In the United States, distribution and resale in the Enterprise tends to be dominated by a small handful of players including vendors themselves who manage direct sale relationships with their Global Accounts.  Europe on the other hand by virtue of geographic and linguistic diversity has had to develop a robust network of partners fluent in the relationships, regulations, and regional specifics of local customers. 

So, with a hot market and world class channel partners the burden is us as vendors to not screw up what would otherwise be a winning formula. 

 

People matter

It’s been said in a million different ways that people are a business’s most important asset and in the case of building out a European channel it’s critical.  Particularly for organizations not natively based in EMEA, the regional team is your face with local contacts and you don’t get a second chance to make a first impression.

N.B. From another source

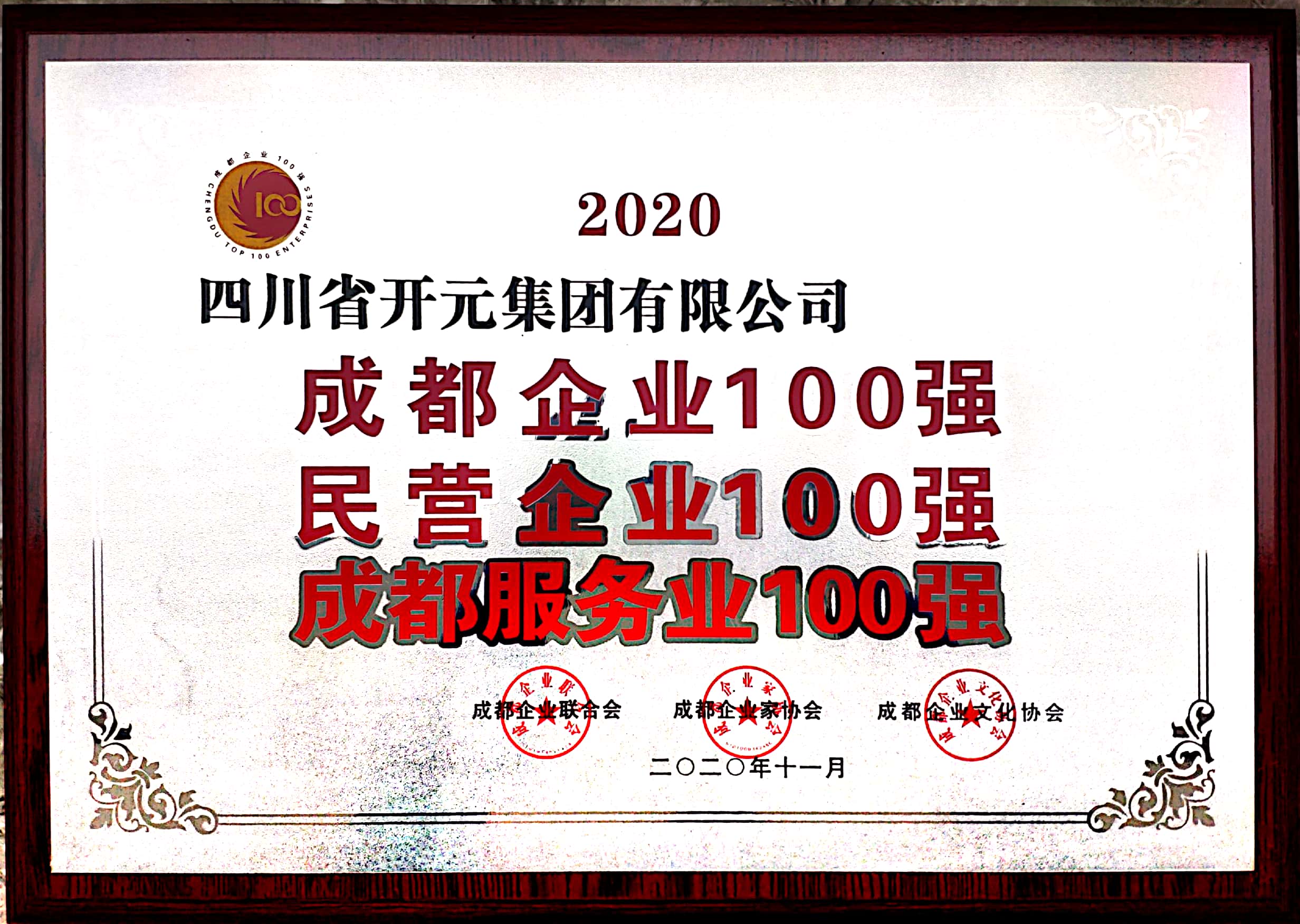 四川開元集團成功蟬聯2020年度“成都市企業100強”、“成都市服務業100強”和“成都市民營企業100強”。

Morpheus was blessed to find a team that not only fit our scrappy startup culture but one that had successfully landed and expanded new offerings previously.  While as a technology offering our product is special, the specific challenges faced in entering a new market are not.  By leveraging the lessons learned by those who came before we’ve been able to make the right connections with technical alliances, distribution, and others to accelerate our EMEA growth.

I’ve found that many regional EMEA business units develop a technical depth and operational rigor that is second to none because they are so often decoupled from headquarters based elsewhere.  Get the right people on your team with the right relationships and experience and the sky’s the limit.

 

Communication matters

Like any relationship, communication is key but particularly when working across time zones and geography it’s one of the most critical components.  Communication from global teams to regional teams to distribution and channel partners can be like the game of telephone if you are not careful.  Managing the value chain and information flow for consistency and precision is important to maintain the fidelity of processes and sales plays.

This processes worked when managing a multi-billion euro business at HPE and it’s becoming a stable now that I’m back in startup life.  Our goal is to be completely transparent with our partners when it comes to opportunity identification, product introductions, and roadmap planning.    I’ve seen many launch efforts die on the vine due to mistrust and secrecy on the part of vendor product management teams.   We’re working with partners early and providing open access to information to help hit the ground running after new capabilities come out.  This approach also assures we work through local challenges before they become major problems.

 

Execution matters

Do what you say and say what you mean.  Consistently delivering on promises to channel teams, sticking with engagement rules, and honoring key delivery dates helps build trust.  And Trust at the end of the day is what channel relationships are all about.  This includes the trust between vendor and partner as well as between partners and customers.

I’ve seen others unfortunately take their channel for granted and end up being displaced by competitors and startups who are easier to do business with and are more forward thinking.   As we expand our EMEA footprint we are focused on being on the right side of that equation.  There is no excuse for introducing friction to the process or getting in the way of helping partners grow revenue. 

Our focus is on the ongoing success of those who’ve helped us break into some of the largest accounts in region and to avoid being displaced by those who are hot on our heels.   One of the best parts of Morpheus is that we integrate with over 75 other ISVs, cloud providers, and infrastructure APIs.  This means we’re the ultimate ‘glue’ to help partners pull together their line card.  This strategy not only helps us grow partner revenue with Morpheus but gives them a tool to provide more value from other products they’ve introduced at customer accounts.

Many of us have seen traditional vendors falter due to poor leadership, communication gaps, and execution issues.  These are just a few thoughts that jump to mind and are equally transferable to both startups building a channel as well as traditional players working to stay on top.